Costume in Meiji Japan

When Stoddard travelled Japan between 1895 and 1897, it was ruled by the emperor Mutsuhito, better known as Meiji Tennô. The once hermetically closed empire had been forcefully opened to the "West" only a few decades earlier, followed by a major restructuring of power: The shôgun, who had been the actual ruler for centuries, relinquished his power to the emperor in 1868. Shortly after, the tennô moved from the old capital Kyôto to the new, "Eastern" capital Tôkyô.*

By the time Stoddard visited, the Meiji government ("Meiji" can be translated as "enlightened government") had already effected, and were still working on, reforms that were to lay Japan's path into modernity: new laws and a constitution modeled on those of France, Germany and England, a new educational system, the study of Western science and many more. Stoddard expressed his admiration for the elementary schools open to children of all classes, and the huge and modern Imperial University, now known as the prestigious Tôkyô Daigaku AKA Tôdai.

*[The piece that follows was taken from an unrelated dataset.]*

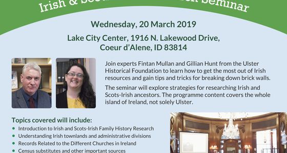 Join experts Fintan Mullan and Gillian Hunt from the Ulster Historical Foundation to learn how to get the most out of Irish resources and gain tips and tricks for genealogy. The programm content covers the whole island of Ireland, not solely Ulster.

Europe and America were the shining examples of the time, imitated and admired. What Stoddard witnessed was the transition of a society from the middle ages to the industrial age - from the centuries-old feudal system, with the clearly defined class structure of warrior <- peasant <- artisan <- merchant (shi-nô-kô-shô), to a pre-industrial society in which the once mighty warrior class, the samurai (shi), had no place at all. In fact, status definitions and ranking - all-important in Japanese society - were being almost completely re-defined just then, ending in the present state of definition via job.

But then as now, it is only the surface that is "modernised" or "westernised". What Stoddard remarked on and what many modern visitors fail to notice is that Japan always remained Japanese at its core, be it Meiji era (1868-1912), Shôwa era (1926-1989) or Heiwa era (now).

Yet at the same time, Stoddard's Japan appears to be farther removed from the modern Japan than from that of the 17th century. But then Stoddard pictured and described what appeared to be exotic rather than what seemed familiar to him, and isn't 19th century Europe also an exotic land to us now?

 

Meiji pictures I
Meiji pictures II


*) As a scholar of things Japanese, I of course use the Hepburn transliteration, i.e. long vovels are marked by a dash above. As normal fonts don't contain that peculiarity, I use the accent circonflex (^) instead. Normally, vovels are short in Japanese.